We are at a really weird place in our home owning journey. The spot where you think you found the perfect house and excitement is seeping out of your pores, but you are also trying to play it cool and avoid any deep attachment to the four walls that may be your future. At what point can you genuinely experience your excitement without fear? This process hangs in the twilight zone for what seems like years, but in reality is just a couple weeks long and it might be the worst form of torture I can imagine. Do I start planning where to put things or how we will make this house our home? It’s awfully difficult to push it to the back of my mind or ignore the risk of what could happen during the inspection or appraisal. I’ve never leapt over a hurdle, but I believe this is what it must feel like to have those muscles stretch as you attempt to gain enough air to clear the metal bar blocking your way.
These situations call for patience, which we have already established I don’t have much of, and faith.
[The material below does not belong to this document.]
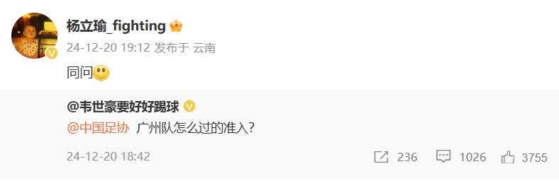12月20日訊 韋世豪發(fā)聲質(zhì)疑后,楊立瑜轉(zhuǎn)發(fā)韋世豪微博質(zhì)疑足協(xié)準(zhǔn)入。

Whether you are religious or not, there is a general sense of “what is meant to be” about the future. If we are meant to start our lives here, the next few steps will land on strong and sturdy ground- even if they are some off balance, wobbly steps. I tend to live life by a more ambitious motto though which makes this even more difficult for me. “If it’s meant to be, it’s up to me,” our cheerleader Miss Deanne is always reminding us for our businesses. And while I never heard the motto expressed in those words before, I realized that’s basically me in a nutshell. Tell me it cannot be done and I guarantee you I find a way to get it completed. I sit at the start line always ready to take off at full speed to win the gold medal, but this time I’m still not sure which line I’m staring at. Start or finish? Do I take off at full speed, picking out paint colors and packing up boxes? Do I start icing my legs, as I intently watch my future at a safe distance? If someone could just let me know, that would be fantastic and I could get on with my regularly scheduled life.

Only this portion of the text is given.